[What to do]
Your answer should be an exact copy of the lines from the one holding "The naturalistically carved" to the end of the material below, pictures left out.

[Dataset excerpt]
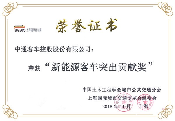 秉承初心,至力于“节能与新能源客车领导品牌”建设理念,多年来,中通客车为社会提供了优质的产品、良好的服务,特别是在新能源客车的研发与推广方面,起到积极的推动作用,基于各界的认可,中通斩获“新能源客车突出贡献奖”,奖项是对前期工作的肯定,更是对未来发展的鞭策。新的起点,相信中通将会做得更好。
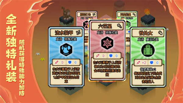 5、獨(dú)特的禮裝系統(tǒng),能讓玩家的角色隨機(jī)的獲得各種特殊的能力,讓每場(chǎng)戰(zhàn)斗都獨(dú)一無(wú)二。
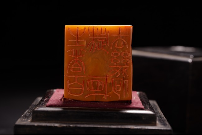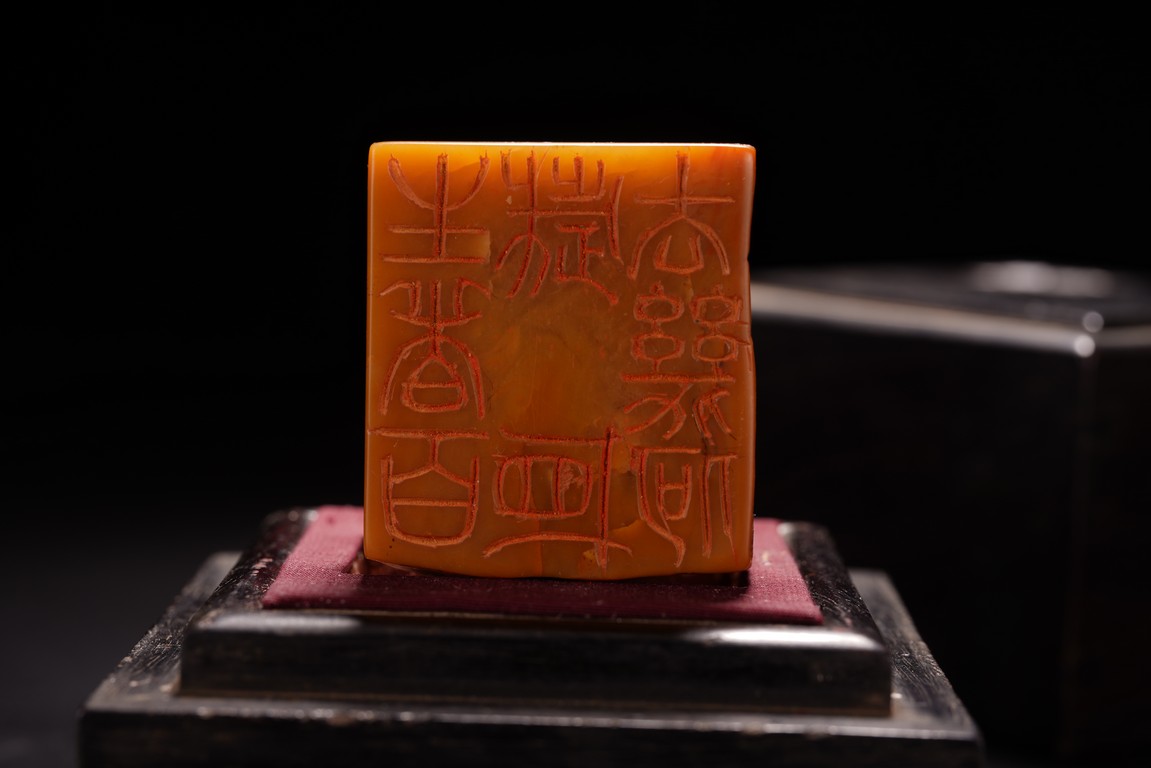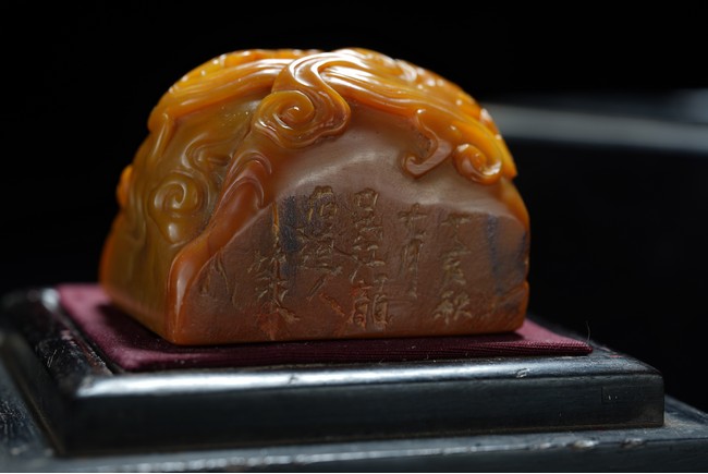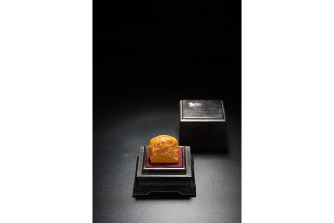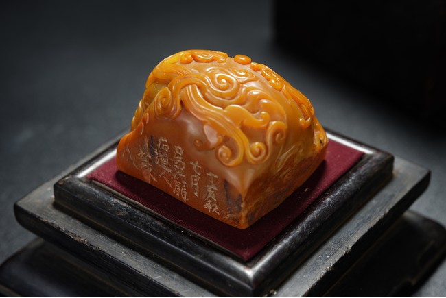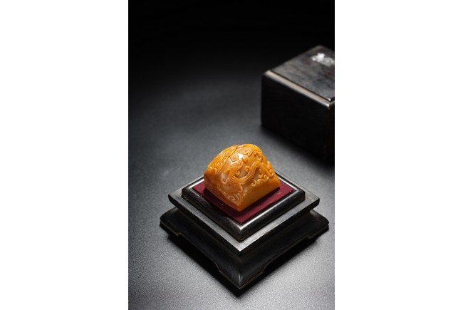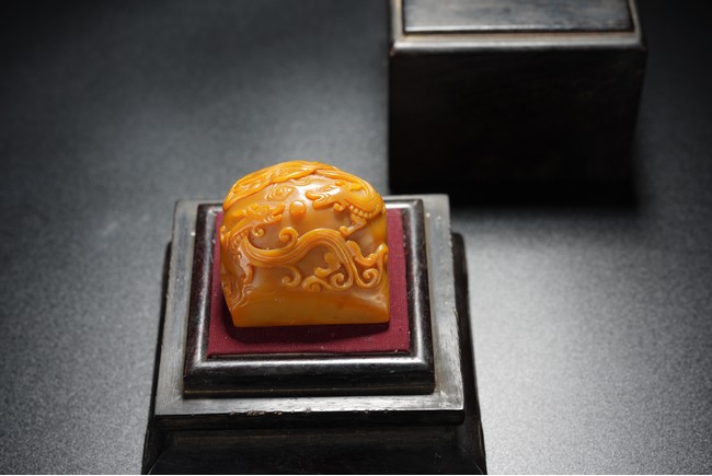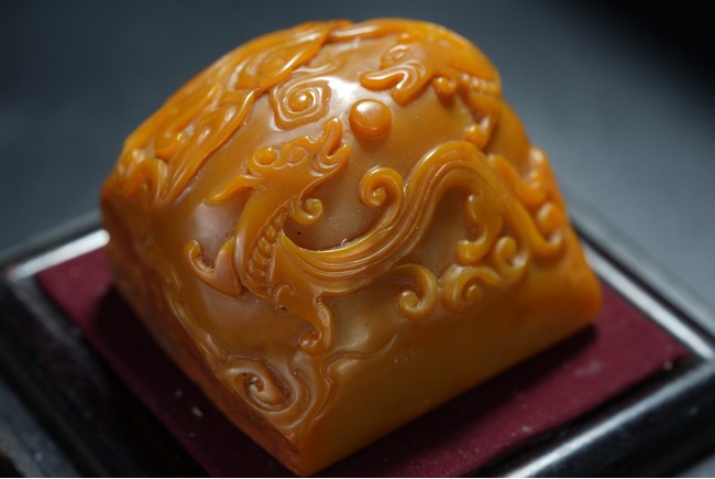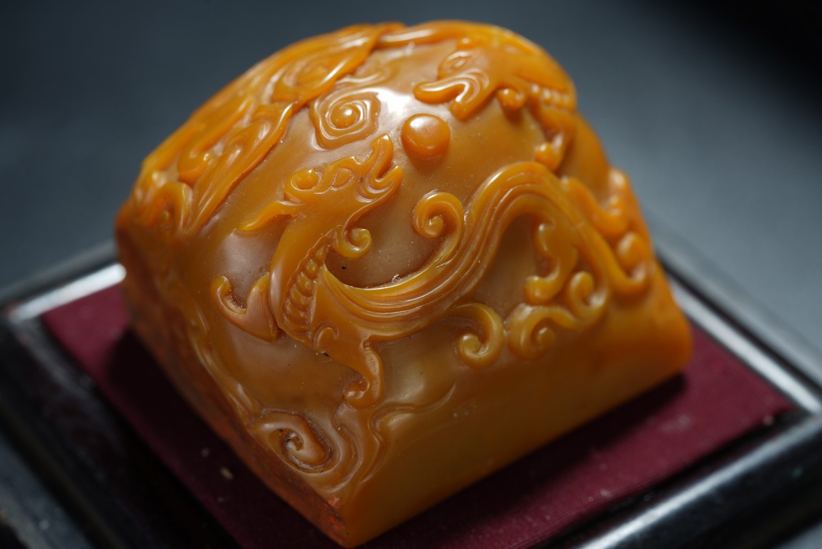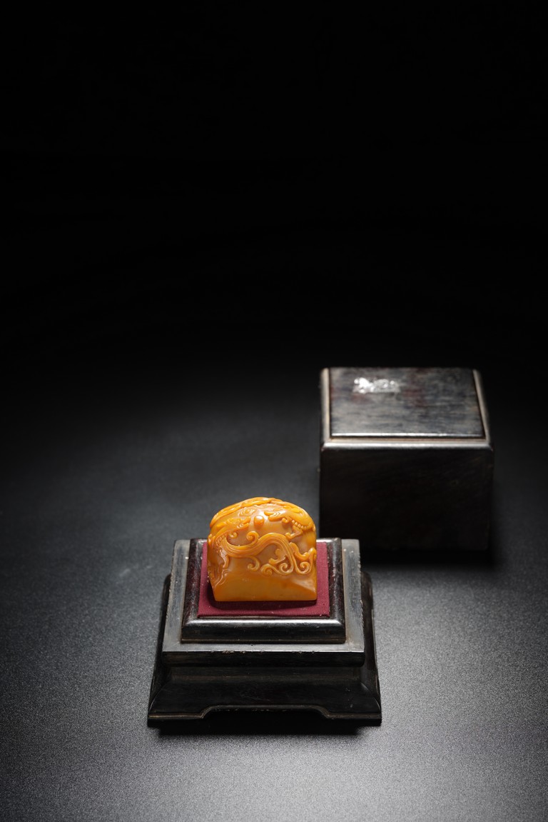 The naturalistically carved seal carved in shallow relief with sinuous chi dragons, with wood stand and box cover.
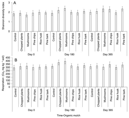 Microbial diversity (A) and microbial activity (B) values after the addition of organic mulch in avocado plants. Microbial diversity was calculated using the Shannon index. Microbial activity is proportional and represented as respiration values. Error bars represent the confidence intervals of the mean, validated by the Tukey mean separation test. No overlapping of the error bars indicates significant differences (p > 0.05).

[Answer to this task]
 The naturalistically carved seal carved in shallow relief with sinuous chi dragons, with wood stand and box cover.
 Microbial diversity (A) and microbial activity (B) values after the addition of organic mulch in avocado plants. Microbial diversity was calculated using the Shannon index. Microbial activity is proportional and represented as respiration values. Error bars represent the confidence intervals of the mean, validated by the Tukey mean separation test. No overlapping of the error bars indicates significant differences (p > 0.05).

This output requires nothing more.